Sign in to view source links and access this dataset
Description
5,287 Chinese question-answer pairs form a training set for large language models in mining engineering. The dataset, created by a Hefei University of Technology student project, covers six modules including laws, specifications, and safety cases. An enhanced version includes chain-of-thought annotations to improve model reasoning.
Use Cases
Fine-tune language models on Chinese mining engineering concepts based on the 'concept' module.
Evaluate model understanding of industrial safety regulations based on the 'law' and 'safety' modules.
Benchmark model performance on domain-specific reasoning tasks based on the chain-of-thought enhanced dataset.

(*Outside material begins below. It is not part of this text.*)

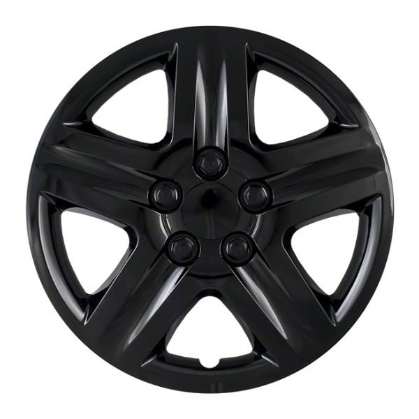 16", 5 Spoke, Gloss Black, Plastic, Set Of 4, Spring Steel Clip

Train models to generate technical specifications based on the 'specifications' module.
Strengths
Contains 5,287 high-quality question-answer pairs for supervised fine-tuning.
Covers six distinct knowledge modules: laws, specifications, concepts, safety cases, forum experience, and synthesis.
Offers a separate chain-of-thought enhanced version designed to improve logical reasoning.
Limitations
Column-level documentation is absent; field semantics must be inferred after download.
Row count for the evaluation set is unknown, which may limit suitability assessment.
Data may reflect the specific focus and source bias inherent to its academic project origin.
Provenance
Source
Hefei University of Technology student innovation project (author: acnul).
Collection Method
Constructed as part of a university-level innovation training program.
Freshness
Last updated 2025-07-24 00:02:53; freshness should be verified.
License is unknown; terms of use must be verified before application.